Watchdog: npower ads did not mislead

watchdogEon-owned Powergen has been dealt another blow in its continuing battle with rival energy provider npower after having a complaint against npower rejected by the Advertising Standards Authority (ASA).

Last month RWE-owned npower admitted its latest campaign was a “copycat” of Eon’s push to promote its Go Green energy product (MW August 9). At the time Kevin Peake, npower head of customer marketing, described the ad as “a bit of fun”, but Powergen thought otherwise.

Powergen complained to the ASA that the npower ads, which like its own Winds of Change strategy created by TBWA/London, featured people blowing in the wind, were imitating its own ad strategy. The CAP code states that: “No marketing communication should so closely resemble any other that it misleads, is likely to mislead or causes confusion” and that “marketers making comparisons with identifiable competitors and/or their products should not present products as imitations or replicas of products bearing a protected trade mark or trade name”.

But a spokesman for the ASA says that while the regulatory body was sympathetic to Powergen’s complaint, it decided not to investigate as the npower ad did not create any “artificial advantage” for the RWE brand and that “similarity is no breach” of the code.

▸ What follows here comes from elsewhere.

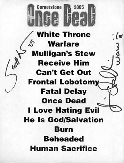 Roxx Productions is a booking company from California that has been effective in reuniting some classic Christian metal bands for concerts such as Stryper, Barren Cross, Recon and on August 29th, 2004, four of the original members of legendary thrashers Vengeance Rising. Of course most people familiar with the band have read how former vocalist Roger Martinez has chosen not to follow his former Christian beliefs any longer. There is a long story why the original band members left following the 1990 Once Dead tour. However, suffice it to know that the band members were ready to call it quits so they agreed to give Roger Martinez the rights to the name Vengeance Rising, as well as all the publishing rights to the original songs. This is how it was left when the original Vengeance Rising parted ways. Because of this, and out of respect to their contract with Roger, the original four members decided to bring on a new vocalist and rename the band Once Dead. Enter yours truly. Since I am the vocalist for this live show, it is a bit hard for me not to be biased. So instead of a review, I will just share some of my thoughts on the DVD, the show and the entire experience. First of all it was an honor for me to share the stage with these guys. Had this been the only show I ever got to do with them, I would have been grateful. What more can a fan ask for than to actually get the opportunity to sing for one of his favorite bands? Fortunately this show is not the end of Once Dead, but more on that later. I spent two solid months learning the songs for this show. I probably looked like a complete nutcase driving down the road singing all the old Vengeance songs in my car. I am sure I looked like even more of a nut as I was mouthing the words to the songs at the gym during my cardio time with the headphones blasting in my ears. No doubt, I cannot sing these songs without banging my head, making various hand motions, etc. I am sure it was quite the sight. Every moment I had to get a CD on and be by myself I was playing Vengeance. As big of a fan as I already was, I was actually surprised by how little of the lyrics I actually knew. Martinez was always a very charismatic preacher and his lyrics reflected this. However, one thing I didn't notice in the past was the bits of humor thrown into the songs. "Can't Get Out" for instance has the line "I smoked away my frustrations, I took it out on my wife, I even tried to smoke her too, she wouldn't fit in the pipe." I laughed out loud when I read these lines. Why I hadn't noticed them before is a mystery. I was quite anxious to meet the band for the first time. Vengeance roadie Ken picked me up from my hotel room to take me to the studio we were to practice in. Here I was a 36 year old man and feeling like a kid getting to meet his favorite band. I figured I may never see these guys again after this show, so I took along some stuff to have them sign. Yes, I acted like a silly fan. Wouldn't you? To my delight, Doug, Larry and Glenn actually got a kick out of seeing the old 8x10 Vengeance Rising glossy I brought along to have them sign. I can honestly say that the Once Dead guys are all some of the nicest people I have met. With the fan stuff out of the way, it was now time to get down to business. However, what I failed to remember is that these guys hadn't actually played together in almost a decade. They were reminiscing, sharing stories about the road, the studio, the other band members, funny mishaps, etc. They told me glowing stories about Roger Martinez and how much they missed him. Vengeance Rising were a family in those early days, so much so that even all their roadies from that 1990 tour came back for this reunion show. All of them were there sharing stories from the road. It was quite the reunion party at that first practice and then again when we sat down to a meal together a few days later. The big show was less than a week away when I arrived in California, so we only had time for about three practices before the big show, and only one of those would be with the entire band. We practiced for several hours at each practice session. The first two practices went great. I felt good, I was belting out the lyrics and the band sounded awesome. Larry recorded some of the practices and it was amazing how good the band sounded, despite not having played together in a decade. The last practice was to be on the morning before the show. Bassist Roger Dale Martin was flying in that morning as well and we would have one final practice with the entire band. Wouldn't you know I wake up that morning feeling like crap! Yup, I was getting sick. I really wanted to freak out, but instead I kept my cool and drank a TON of water. I mean, I drank gallons of lemon water that day making sure I would have enough voice to not only get through practice, but also an interview for the DVD, a set with my band Ultimatum and the final set with Once Dead. Once on stage I was bursting with energy, despite a slightly sore throat and having recently finished my set with Ultimatum. I can honestly say that God granted me the voice to get through that set because shortly after Once Dead left the stage after the final encore, my voice was gone. As many shows as I have done over the years, I have never had that happen to me even when doing more than one show on a day. Listening back to the DVD now I can hear a bit of strain in my vocals, but despite that, I like the otherwise raw, live delivery I gave for that show. I can tell you that the band was struggling a bit on stage due to poor monitoring and mixing from the club. Unfortunately Larry Farkas wasn't heard at all on stage, making things a bit rough for all of us. However, we troopered through it and the fruits are now available for all to see on this DVD release. Personally, I think the songs sound great. There are no studio fixes on this DVD. There are no overdubs to fix the rubs. This is raw, heavy and live, just like you would have h

He adds that customers are very aware of the competitive nature of the energy market and thus were unlikely to have been confused by the creative.

Both the npower and Powergen ads promote their green energy tariffs and both use wind generation to convey their message. In an ad campaign for npower’s juice several years ago, the company used images of a woman’s hair and a dog’s ears blowing in the wind, among other wind-inspired imagery.